Multivariate Cox’s regression analysis for overall survival of enrolled older patients with advanced NSCLC in training cohort.
| Regression coefficient | P | Hazard ratio (95% CI) | Point score | |
|---|---|---|---|---|
| Performance status | ||||
| 0 | 0 | 1 | 0 | |
| 1 | 0.331 | <0.001 | 1.39(1.21,1.61) | 5 |
| 2–3 | 0.735 | <0.001 | 2.08 (1.61,2.69) | 11 |
| Initial stage | ||||
| IIIB | 0 | 1 | 0 | |
| IV | 0.273 | <0.001 | 1.31 (1.15,1.50) | 4 |
| 5/10% weight loss in the past 3/6 months | ||||
| No | 0 | 1 | 0 | |
| Yes | 0.355 | <0.001 | 1.43 (1.24,1.64) | 5 |
The median OS in the two groups in the training set were as follows: good prognosis – 11.77 months (95% CI, 10.92, 13.70 months) and poor prognosis – 6.21 (95% CI, 5.59, 7.50 months) (Table 3, Figure 2a). These findings were validated in the testing set where the findings were similar: good prognosis – 13.15 months (95% CI, 10.82, 15.91 months) and poor prognosis – 8.52 (95% CI, 7.50, 9.63 months) (Table 3, Figure 2b). The area under the 1-year and 2-year ROC and the c-index observed in the training and testing cohorts are shown in Table 4.
Table 3.
Median OS of two risk groups of the developed model in training and testing cohorts.

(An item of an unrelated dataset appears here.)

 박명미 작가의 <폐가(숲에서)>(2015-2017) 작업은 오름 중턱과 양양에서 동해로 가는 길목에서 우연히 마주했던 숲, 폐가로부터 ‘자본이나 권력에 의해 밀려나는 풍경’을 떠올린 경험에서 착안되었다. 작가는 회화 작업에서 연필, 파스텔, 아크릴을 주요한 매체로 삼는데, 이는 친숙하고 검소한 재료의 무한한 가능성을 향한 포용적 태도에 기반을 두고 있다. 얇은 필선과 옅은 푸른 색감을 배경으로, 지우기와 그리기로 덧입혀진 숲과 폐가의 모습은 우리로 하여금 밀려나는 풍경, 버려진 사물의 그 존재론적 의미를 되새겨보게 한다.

| Risk strata | N (%) | Number of event | Median OS in months (95% C.I.) |
|---|---|---|---|
| Training cohort | |||
| 1 (0–8 points) | 452 (46.94) | 412 | 11.77 (10.92,13.70) |
| 2 (9+ points) | 511 (53.06) | 497 | 6.21 (5.59, 7.50) |
| Testing cohort | |||
| 1 (0–5 points) | 254 (50.40) | 236 | 13.15(10.82,15.91) |
| 2 (9+ points) | 250 (49.60) | 248 | 8.52 (7.50, 9.63) |
OS – Overall Survival.
CI – Confidence Interval.
Figure 2 –
Overall Survival based on risk stratification among older patients with advanced non-small cell lung cancer (a) – training set; (b) – testing set
Table 4.
Area under 1-, 2- year ROC and C-index in training and testing cohorts.

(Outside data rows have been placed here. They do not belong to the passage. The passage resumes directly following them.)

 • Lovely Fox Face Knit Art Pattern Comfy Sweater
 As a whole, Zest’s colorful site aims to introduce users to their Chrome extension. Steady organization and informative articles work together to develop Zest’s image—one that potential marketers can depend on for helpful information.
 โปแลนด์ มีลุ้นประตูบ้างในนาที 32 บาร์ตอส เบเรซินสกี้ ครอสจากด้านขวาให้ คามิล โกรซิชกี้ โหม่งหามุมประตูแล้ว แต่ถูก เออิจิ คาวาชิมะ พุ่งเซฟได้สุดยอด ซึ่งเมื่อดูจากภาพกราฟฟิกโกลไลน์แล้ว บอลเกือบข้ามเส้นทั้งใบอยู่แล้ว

| Training cohort (N = 963) | Testing cohort (N = 504) | |
|---|---|---|
| 1-year ROC (95%C.I.) | 0.61 (0.58, 0.64) | 0.60 (0.55, 0.64) |
| 2-year ROC (95% C.I.) | 0.62 (0.58, 0.66) | 0.65 (0.59, 0.70) |
| C-index (95% C.I.) | 0.57 (0.56, 0.59) | 0.57 (0.55, 0.60) |
ROC – Receiver Operating Characteristics.
CI – Confidence Interval.
The present model was then compared to the currently existing prognostic models for advanced non-small cell lung cancer, namely the Blanchon and Mandrekar models (Supplemental Tables S2 and S3). Despite a lower number of variables in the present model and the simplicity of estimation, the present model had a better area under the 1-year and 2-year ROC than both models; the c-index was better than the Mandrekar model and similar to the Blanchon model (0.59 vs. 0.56 and 0.59 respectively) (Supplementary Table S4).
Discussion
This study proposes a simple prognostic model for older adults with advanced NSCLC based on basic clinical characteristics that are part of the evaluation process for every patient with NSCLC, such as performance status, stage and weight loss immediately prior to diagnosis. The key advantage of this model over existing models is that it is developed exclusively from an older patient cohort, unlike the existing models that included patients of all ages. Thus, our model overcomes some of the drawbacks of existing models on the applicability to older patients.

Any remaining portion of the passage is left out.